The U.S. and its allies have long demanded a halt to enrichment, fearing Tehran could secretly build nuclear warheads. They have imposed sanctions over Iran's refusal to halt enrichment. Uranium enriched to low levels can be used as fuel for nuclear energy but at higher levels, it can be used to make a nuclear weapon.
Rouhani also insisted that any deal be contingent on all other nations declaring their nuclear programs, too, are solely for peaceful purposes — alluding to the U.S. and Israel.
Those conditions underscored that there is still a large chasm to be bridged in negotiations.
The United States, Britain, France, Russia, China and Germany will participate in the talks at the U.N., with European Union foreign policy chief Catherine Ashton leading the talks.
Rouhani has made a series of appearances and speeches since arriving in New York and has held bilateral negotiations with France, Turkey and Japan among others.
He has come across as a more moderate face of the hard-line clerical regime in Tehran and appears to be trying to tone down Ahmadinejad's caustic rhetoric against Israel — a point of friction in relations with the U.S.
On Thursday, he called for worldwide disarmament of nuclear weapons as "our highest priority."
"No nation should possess nuclear weapons, since there are no right hands for these wrong weapons," he told the first-ever meeting of a U.N. forum on nuclear disarmament. He was speaking on behalf of the Non-Aligned Movement, an organization of mostly developing countries.
He repeated the organization's long-standing demand that Israel join the international treaty banning the spread of nuclear weapons.
Israel, which has repeatedly accused Iran of aspiring to build a nuclear bomb is the only Mideast state that has not signed the landmark 1979 Non-Proliferation Treaty.
The Israeli mission to the U.N. was closed on Thursday because of a Jewish holiday and did not have an immediate response to Rouhani's comments.
Rouhani also met Japanese Prime Minister Shinzo Abe, who urged "concrete progress" on settling the nuclear issue. Abe also said the window of opportunity "will not be open forever," according to Japanese Foreign Ministry assistant press secretary Masaru Sato.

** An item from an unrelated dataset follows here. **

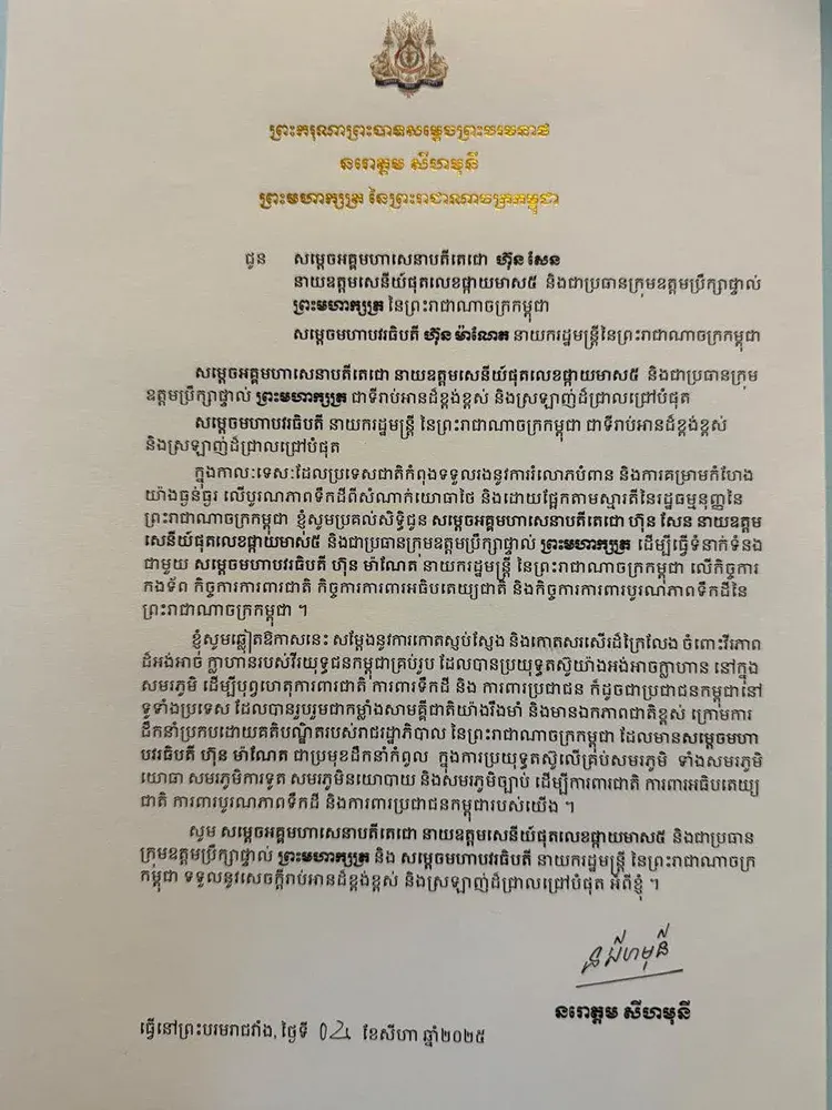 พระบาทสมเด็จพระบรมนาถ "นโรดม สีหมุนี" กษัตริย์ของกัมพูชา ได้โปรดเกล้าให้ประธานวุฒิสภา และ อดีตนายกรัฐมนตรี "ฮุน เซน" รับหน้าที่ประสานงาน ด้านการป้องกันประเทศ เพื่อรับมือกับความตึงเครียด ที่กำลังทวีความรุนแรงขึ้นตามแนวชายแดนกัมพูชา-ไทย เป็นเอกสารทางราชการที่ระบุว่า...

Rouhani responded that he aimed to settle the nuclear issue at "an early juncture," Sato said. It was the first meeting between leaders of Japan and Iran since 2008.
Rouhani was elected after a campaign that pledged to seek relief from the international sanctions. He has welcomed a new start in nuclear negotiations in hopes they could ease the economic pressure.
He has said he has the full support of Iranian Supreme Leader Ayatollah Ali Khamenei, who has the final word on all important matters of state, including the nuclear question.
Zarif, who Rouhani has designated his lead nuclear negotiator, has urged step-by-step compromises to advance the negotiations.
Iran watchers say Rouhani may have limited time to reach a settlement — possibly a year or less — before Khamenei decides negotiations are fruitless. That may explain why Zarif has call to reach a deal in shortest timeframe possible.
Already, Iran's powerful Revolutionary Guard force has grown increasingly uneasy over Rouhani's outreach to the West as well as his apparent backing from Khamenei, who has told the Guard to steer clear of politics.
The Guard has warned Rouhani about moving too fast on his overtures.